[[ PROVIDED ENTRIES open ]]
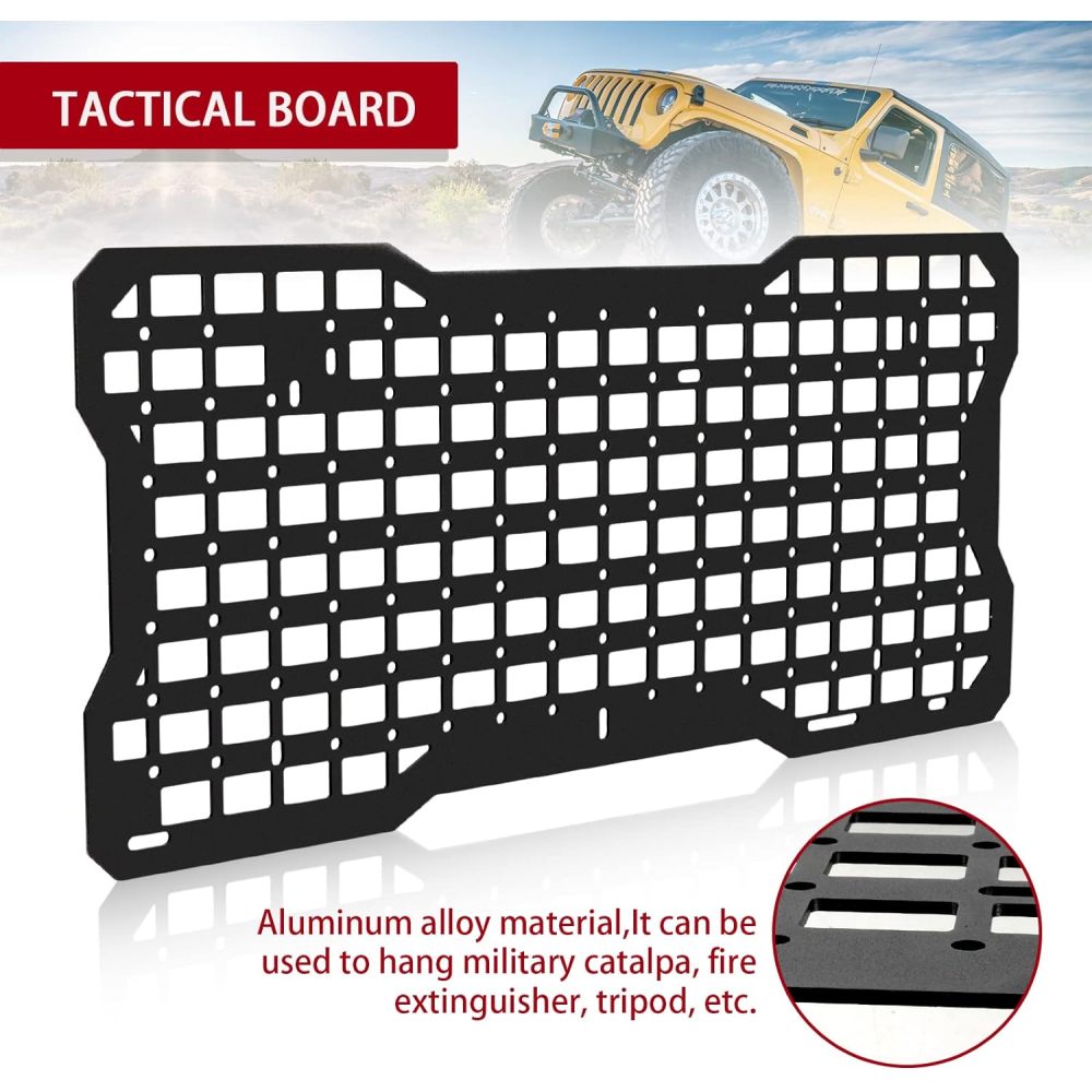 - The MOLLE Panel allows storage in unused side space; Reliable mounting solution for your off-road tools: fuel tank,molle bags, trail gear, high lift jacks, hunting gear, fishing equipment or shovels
[[ PROVIDED ENTRIES closed ]]
[[ PROVIDED ENTRIES open ]]
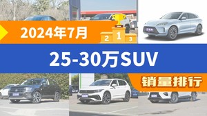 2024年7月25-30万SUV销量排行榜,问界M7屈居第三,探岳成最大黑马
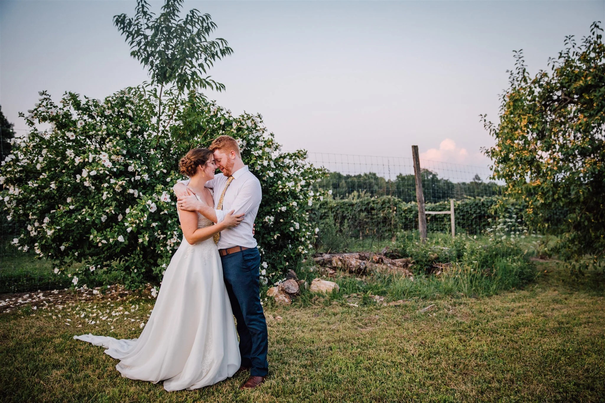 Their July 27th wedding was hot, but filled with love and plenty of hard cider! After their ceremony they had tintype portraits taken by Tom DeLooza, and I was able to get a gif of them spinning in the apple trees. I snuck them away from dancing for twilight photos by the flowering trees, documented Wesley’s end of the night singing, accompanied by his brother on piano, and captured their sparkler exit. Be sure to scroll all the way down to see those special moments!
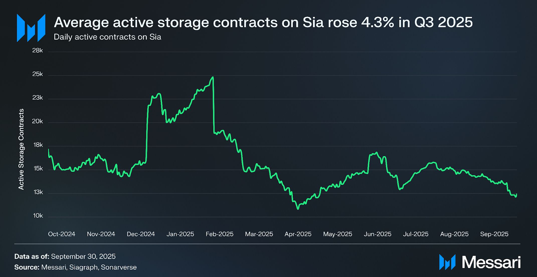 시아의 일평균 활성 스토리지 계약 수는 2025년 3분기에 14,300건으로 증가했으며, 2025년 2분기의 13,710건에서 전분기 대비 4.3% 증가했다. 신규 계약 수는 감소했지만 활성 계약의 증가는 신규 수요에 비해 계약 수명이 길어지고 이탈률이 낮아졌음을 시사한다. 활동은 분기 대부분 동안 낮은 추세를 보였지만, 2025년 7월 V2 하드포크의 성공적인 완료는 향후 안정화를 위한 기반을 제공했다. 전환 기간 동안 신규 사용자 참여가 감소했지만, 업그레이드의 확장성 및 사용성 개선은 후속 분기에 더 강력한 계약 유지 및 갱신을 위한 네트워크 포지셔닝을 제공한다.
[[ PROVIDED ENTRIES closed ]]
> _WORK INSTRUCTION_:
Give back exactly the lines of the listing above from the one that contains "Their July 27th" up to and including the one that contains "시아의 일평균 활성 스토리지", but not the pictures, and no other lines.

> _ANSWER TO THE PROBLEM_:
 Their July 27th wedding was hot, but filled with love and plenty of hard cider! After their ceremony they had tintype portraits taken by Tom DeLooza, and I was able to get a gif of them spinning in the apple trees. I snuck them away from dancing for twilight photos by the flowering trees, documented Wesley’s end of the night singing, accompanied by his brother on piano, and captured their sparkler exit. Be sure to scroll all the way down to see those special moments!
 시아의 일평균 활성 스토리지 계약 수는 2025년 3분기에 14,300건으로 증가했으며, 2025년 2분기의 13,710건에서 전분기 대비 4.3% 증가했다. 신규 계약 수는 감소했지만 활성 계약의 증가는 신규 수요에 비해 계약 수명이 길어지고 이탈률이 낮아졌음을 시사한다. 활동은 분기 대부분 동안 낮은 추세를 보였지만, 2025년 7월 V2 하드포크의 성공적인 완료는 향후 안정화를 위한 기반을 제공했다. 전환 기간 동안 신규 사용자 참여가 감소했지만, 업그레이드의 확장성 및 사용성 개선은 후속 분기에 더 강력한 계약 유지 및 갱신을 위한 네트워크 포지셔닝을 제공한다.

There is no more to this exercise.